Bittensor (TAO) crypto surges 46% as Covenant-72B launch sparks a subnet explosion. Explore what’s driving momentum and why traders are watching closely.

Bittensor’s TAO has rebounded sharply into mid-March, with spot prices near $199 to $201 and weekly gains above 8%, as traders rotate back into decentralized AI tokens and the network’s latest training milestone, Covenant-72B on Templar’s Subnet 3, refocuses attention on Bittensor’s subnet economy. CoinGecko showed TAO at $198.96 with a $1.91 billion market cap and roughly $114.5 million in 24-hour volume, while CoinGlass showed TAO at $201.47 with open interest near $180.9 million as of March 18, 2026.

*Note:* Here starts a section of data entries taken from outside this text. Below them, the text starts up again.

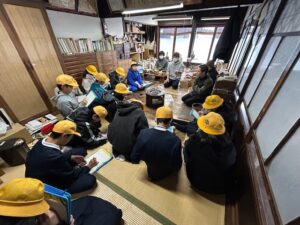 井波の魅力って何だろう(6年生) 2025年12月5日 6年生 6年生は総合的な学習の時間に、井波の魅力について探求しています。 先日は、「よしみ工房」さんを含めた3つの工房・アトリエに伺いました。それぞれの工房で作られている彫刻の種類や、県外や海外と比べた井波彫刻の魅力等、彫刻士の方々のお話を興味津々に聞いていました。
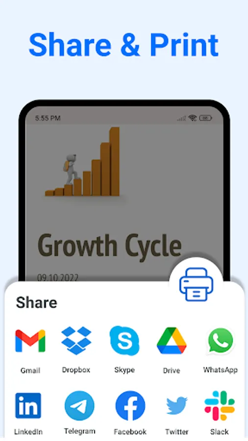 All docs reader app has a unique feature to print documents. Just select the docs print you want in the office app. All printer options are available in the word office app.
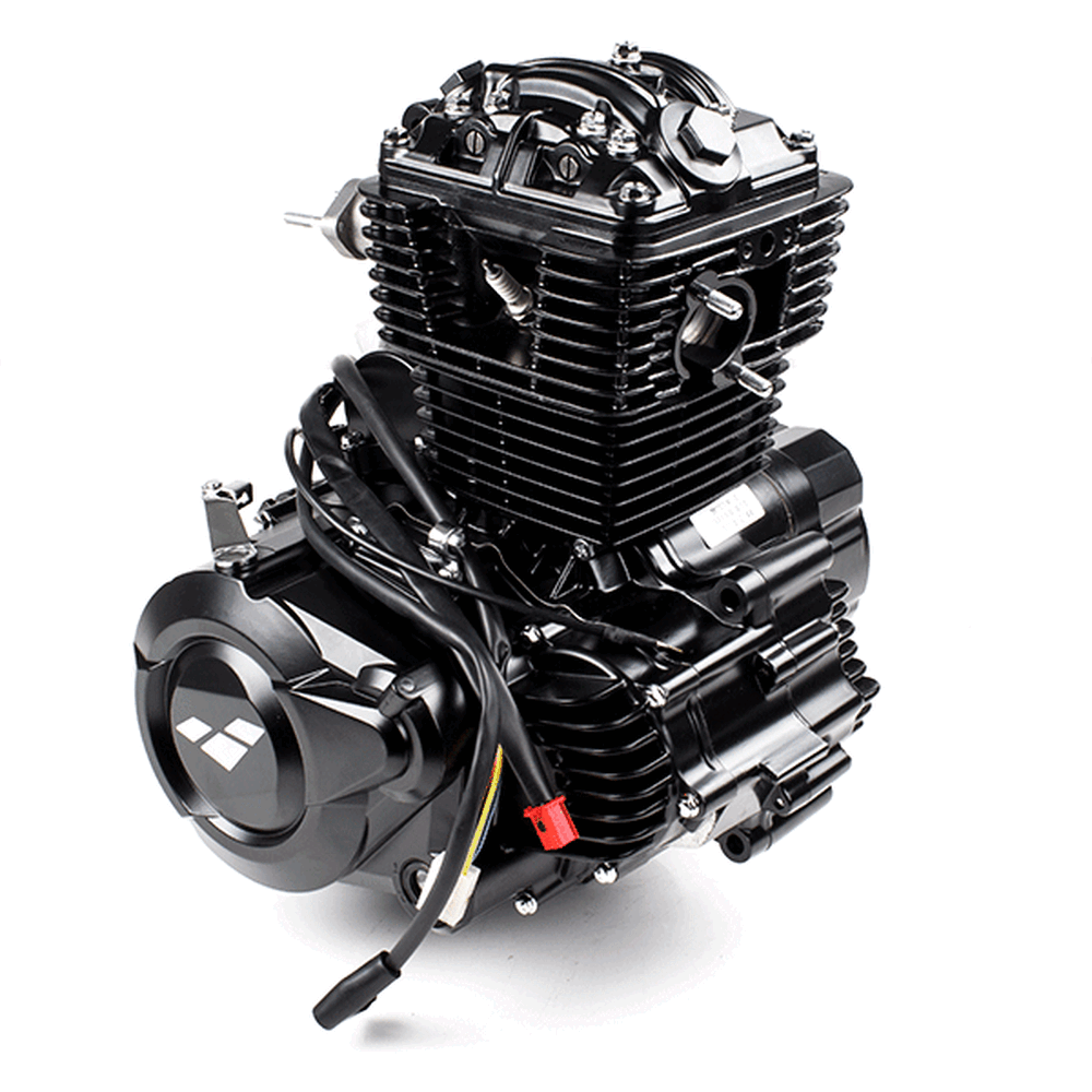The complete engine in a motorcycle encompasses all internal and external components necessary for operation, including the engine block, cylinders, pistons, crankshaft, camshaft.

TAO at $199-$201 on March 18 as volume and rank recover

The current state of TAO is a recovery trade, not a return to its 2024 peak. CoinGecko’s latest market snapshot places Bittensor at $198.96, up on the day, with a market capitalization of $1.91 billion, 24-hour trading volume of $114.49 million, and a rank around the mid-40s by market cap. CoinMarketCap’s recent listing pages show a similar valuation range, with TAO ranked in the mid-30s and market cap above $2.17 billion depending on circulating-supply methodology and timestamp.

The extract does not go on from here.